The Spock architecture is designed to support application of guidelines that are at various levels of formatting, when patient data are in either electronic or paper format, whereas, other approaches for applying guidelines assume the existence of a guideline in a formal format and require a connection to an EPR. We expect that in the near future the most common configuration when applying clinical guidelines will involve intermediate representations, with or without an EPR. Thus, it is imperative to provide a flexible application engine that supports variable guideline representation formats.
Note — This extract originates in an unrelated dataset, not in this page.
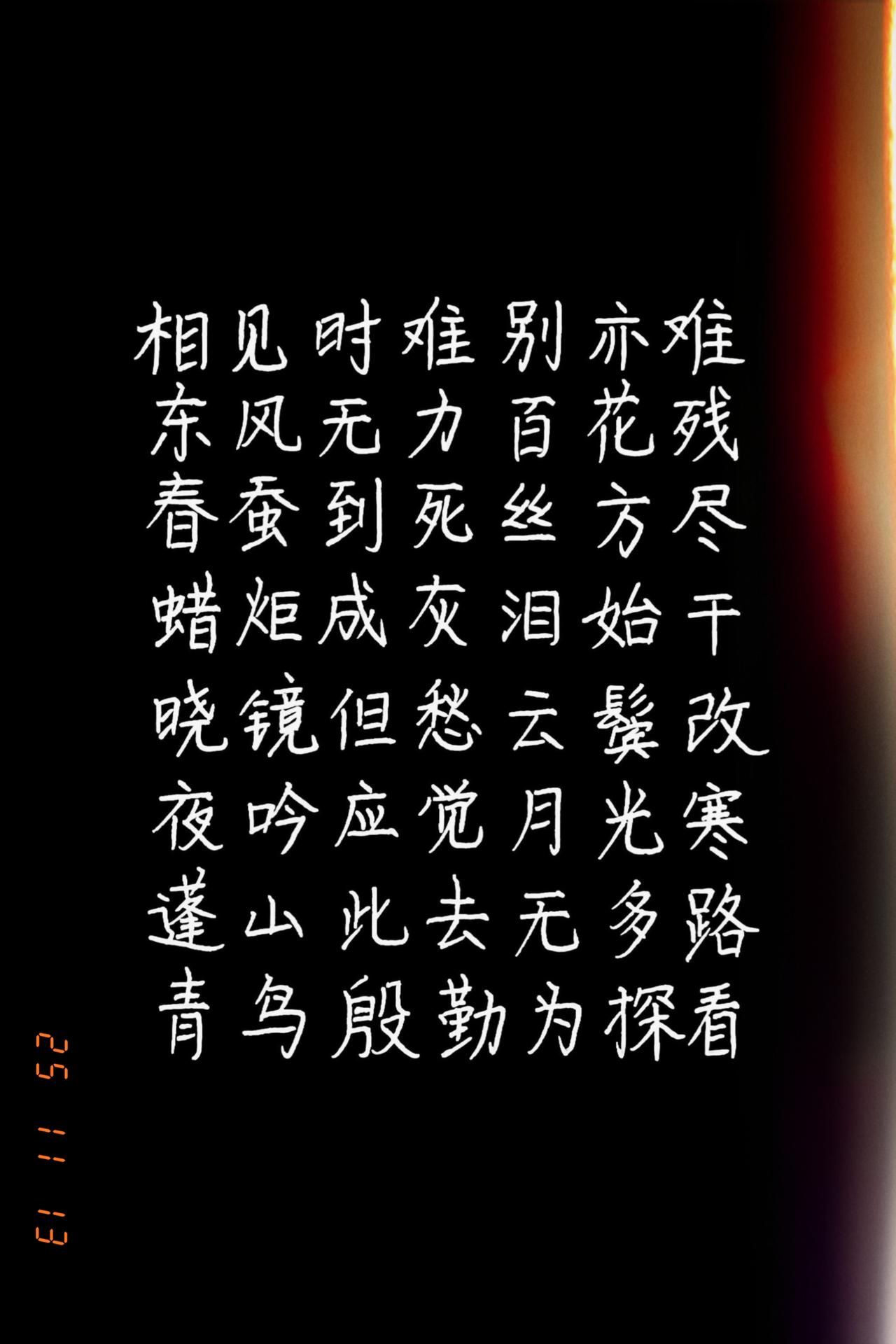挑战专注写字打卡|正楷第8天 “相见时难别亦难,东风无力百花残”。 李商隐在外做官,妻子在遥远的老家悉心照顾母亲和孩子,回家一次很难。 这又何尝不是我们现在这样的处境呢,想守着的感情却被迫异乡漂泊谋生。 “春蚕到死丝方尽,蜡炬成灰泪始干”。 结婚多年,我们的爱情早已经升华为亲情,但我们从未放弃对爱情的执着,对理想的追求,对命运的抵抗… “晓镜但愁云鬓改,夜吟应觉月光寒”。 你大概也是夜不能寐,辗转千回吧,越发感觉环境凄苦,月光寒冷。这夹杂着无尽思念的痛苦,牵挂着对方感情的执着。 “蓬山此去无多路,青鸟殷勤为探看”。 距离毕业多年了,才真正的理解李商隐身陷囵圄,抱负无法施展,内心极度痛苦,为情所困的伤感缠绵与执着 楷书打卡

The current Spock system focuses on supporting application of intermediate representation formats. Our future plans include adding of support to application of fully formal Hybrid-Asbru guidelines. In addition, we intend to test whether the Spock system’s features are suitable to additional tasks such as an educational tool for simulating test scenarios.
Acknowledgments
This research was supported in part by NIH award LM-06806. Drs. M. Goldstein, S. Martins, L. Basso, H. Kaizer, E. Lunenfeld, and G. Bar were extremely helpful in the evaluation of all of the DeGeL tools.